Jak on się przy tym ślicznie uśmiecha. Koniec Tini! To Ci nie pomoże w pisaniu
piosenki. Chociaż… może jednak?
Z gwiazd nie umiem czytać,
I księżyca nie zniżę,
I księżyca nie zniżę,
Ale pięknie będę się uśmiechał.
Zerknęłam na chłopaka. Tym razem jednak nie był uśmiechnięty słysząc
słowa. Wyraźnie zmarszczył brwi. Odszyfrowałam z jego twarzy grymas i
rozczarowanie. Pokazał mi palcem żebym
do niego podeszła. Oczywiście z radością usiadłam obok komponującego chłopaka.
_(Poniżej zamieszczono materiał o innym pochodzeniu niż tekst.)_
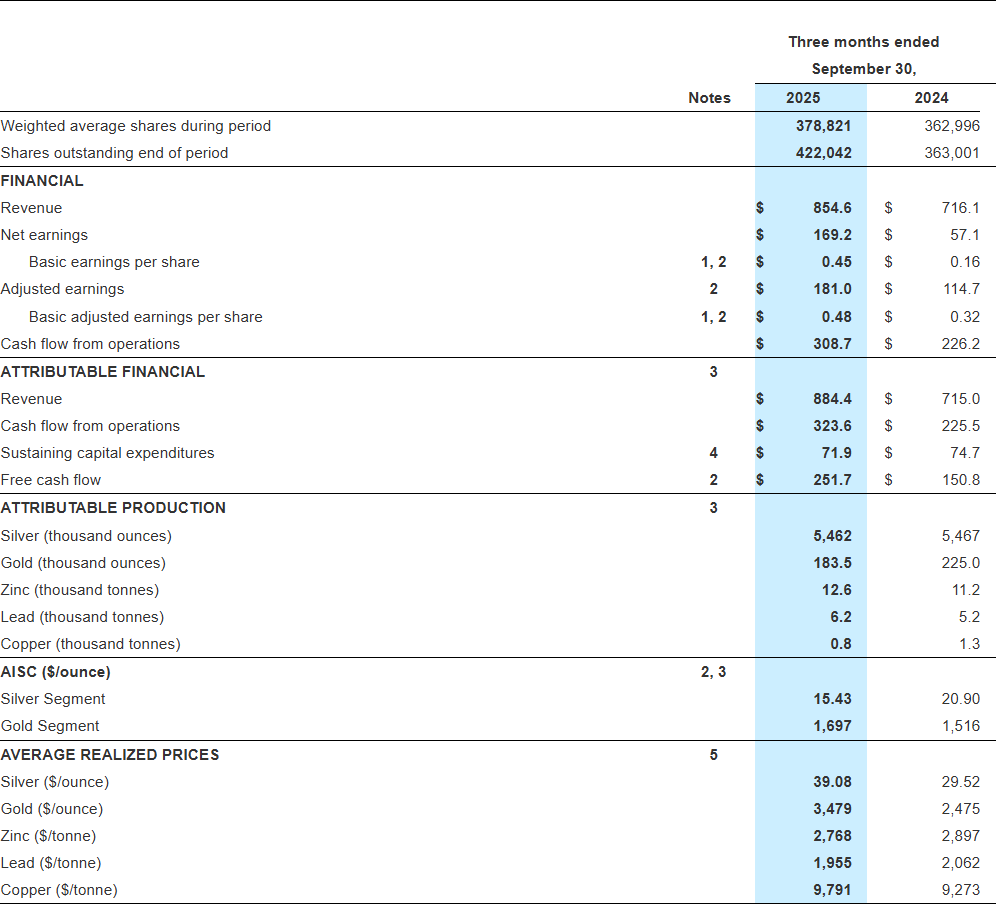 - Net earnings of $169.2 million, or $0.45 basic earnings per share. Net earnings include a $21.7 million loss from the sale of subsidiaries and $16.3 million of income from investment in Juanicipio. The loss from the sale of subsidiaries is primarily due to a $28.6 million reduction to the $137.4 million gain previously booked on the December 2024 sale of La Arena S.A. related to net working capital adjustments, partially offset by a $6.8 million gain on the sale of the La Pepa project. The Company disposed of its 80% interest in the La Pepa project, an early-stage exploration property in Chile, for $40.0 million in net cash proceeds in Q3 2025.
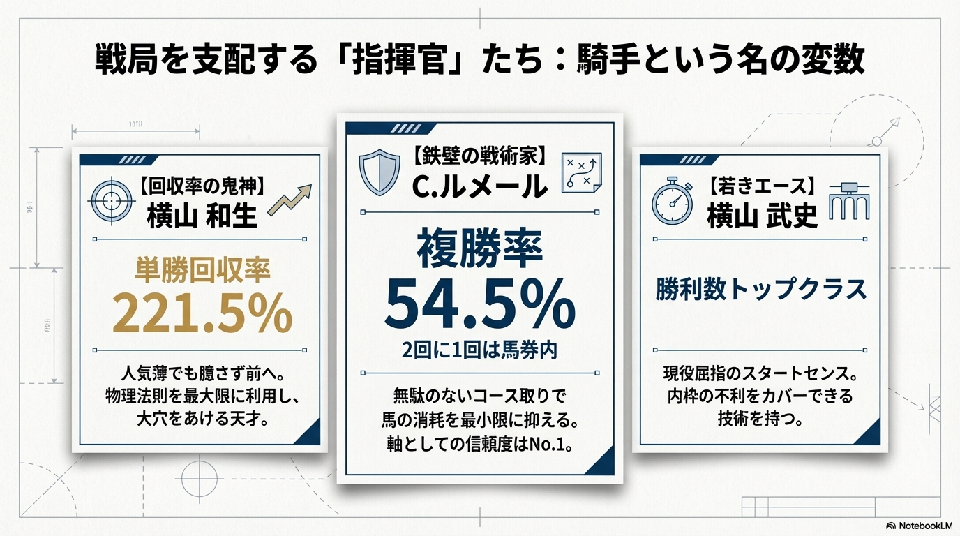 | 横山和生 | 全成績 | 221.5% | 人気に関係なく、強気に前へ運ぶアグレッシブな騎乗。 |
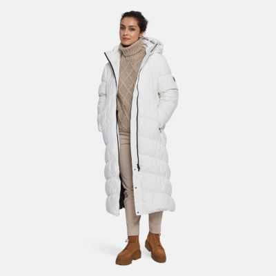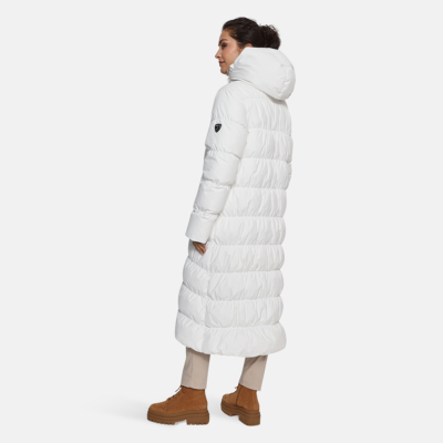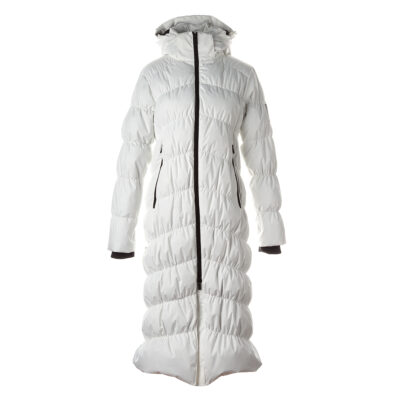 Women´s waterproof and windproof down coat. Breathable outer fabric. Soft lining fabric. Filled with down and feathers. Removable hood attaches to the collar with a zipper. Ribbed cuffs at the sleeve ends. Two-way zipper closure, snap closure at the bottom. Reflective details on the outer fabric.

- Ja nie umiem wymyślić melodii do Twojego pięknie uśmiechającego się
tekstu- powiedział prosto z mostu. Wolałam jak zaczynał od komplementów. Ale
nie no spoko.
- Mógłbyś jaśniej, nie rozumiem, co chcesz przez to powiedzieć-
uśmiechnęłam się trzepocząc rzęsami.
- Chcę powiedzieć, żebyś to ty wymyśliła melodie do swojego tekstu-
powiedział naśladując ruchy moich rzęs
- Ok, no dobra misiaczku, ale proszę nie tym tonem do swojej
dziewczyny- udałam obrażoną.
- Dobra to może tak- wziął kartkę z moim tekstem. Skreślił zdanie,, Ale
pięknie będę się uśmiechał’’, na co się oburzyłam. Jednak on nie wziął tego pod
uwagę i napisał.
Nie jestem niebem, ani słońcem...
Jestem tylko sobą.
Jestem tylko sobą.
- I to ma zastąpić mój tekst z uśmiechem?- Zapytałam kpiąco
Uniósł brwi do góry robiąc pytającą minę.
- No dobra Twoje lepsze powiedziałam- przyznając mu racje. Co niestety robię
często.
Po dwóch godzinach skończyliśmy piosenkę. Oczywiście atmosfera była
miła. Uwielbiam pisać piosenki z Jorge. Jest moim pierwszym chłopakiem, który
potrafi mi się sprzeciwiać. Diego jest
na to idealnym przykładem. Dominguez nawet nie śmiał mi zwrócić na nic uwagi.
Na samą myśl o chłopaku nazywanym przeze mnie,,clownem’’ zaczęłam się śmiać.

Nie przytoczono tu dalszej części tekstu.